Two of my thoughts on the late Pope (and one from elsewhere)
I should add the late Pope John Paul II to the 1980s Coalition of Globalization. His influential opposition to Marxism -- political or theological -- and support of social and economic conservativism certainly qualify him.
However, his outreach attempts to other Christian and Jewish communities, widely lauded, never felt genuine to me. With one hand he was visiting the Western Wall and acknowledging Judaism as the"elder brother" of Christianity, and with the other, like Jacob with Esau, he was canonizing baby-snatchers and anti-Semites. I never could reconcile the two enough to feel that progress was being made.
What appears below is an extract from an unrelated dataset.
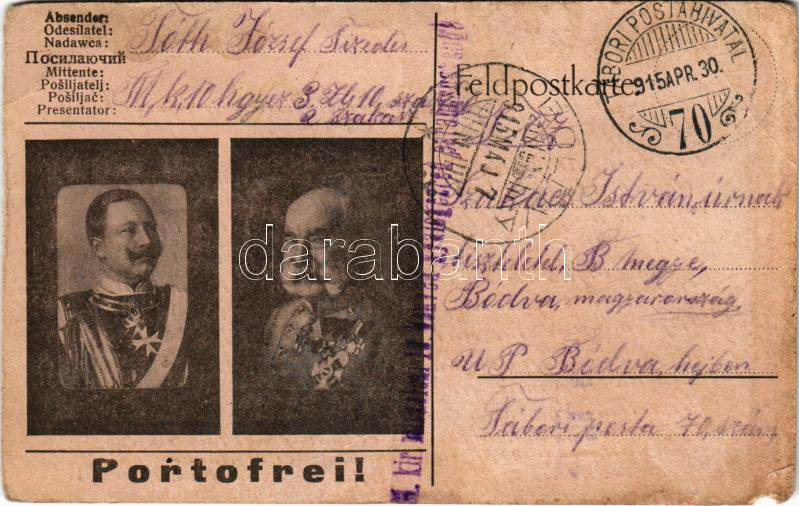 1915 II. Vilmos és Ferenc József / Wilhelm II and Franz Joseph. Portof... https://www.darabanth.com/hu/472-Gyorsarveres/472.0/Kepeslapok/Katonai~1500057/1915-II-Vilmos-es-Ferenc-Jozsef-Wilhelm-II-and-Franz-Joseph-Portofrei-Feldpostkarte-fa~II3195565
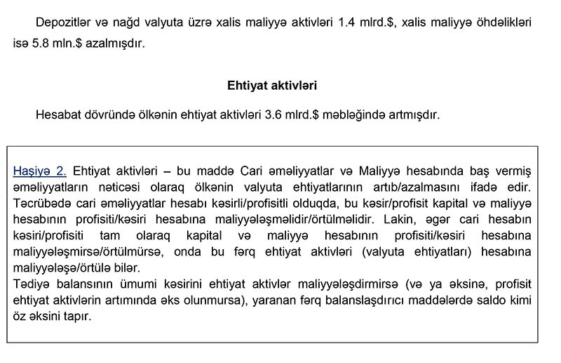 “Marja” Mərkəzi Bankın açıqlamasına istinadən xəbər verir ki, 2019-cu ilin 1-ci yarımilliyi üzrə tədiyə balansının ümumi profisiti həm neft qiymətinin yüksək olması, həm də Cari Əməliyyatlar Balansında yaranmış müsbət tendensiyalar hesabına formalaşmışdır. Cari Əməliyyatlar Balansında yaranmış 3.1 mlrd. dollarlıq profisit ehtiyat aktivlərinin 3.6 mlrd.dollar artmasını şərtləndirmişdir.

Thomas Cahill argues in the NYTimes that John Paul II wasn't all that good for Catholicism, either:
But John Paul II's most lasting legacy to Catholicism will come from the episcopal appointments he made. In order to have been named a bishop, a priest must have been seen to be absolutely opposed to masturbation, premarital sex, birth control (including condoms used to prevent the spread of AIDS), abortion, divorce, homosexual relations, married priests, female priests and any hint of Marxism. It is nearly impossible to find men who subscribe wholeheartedly to this entire catalogue of certitudes; as a result the ranks of the episcopate are filled with mindless sycophants and intellectual incompetents. The good priests have been passed over; and not a few, in their growing frustration as the pontificate of John Paul II stretched on, left the priesthood to seek fulfillment elsewhere.I think the rapid growth of the church outside of the liberal West speaks against Cahill's assessment as a global one, however.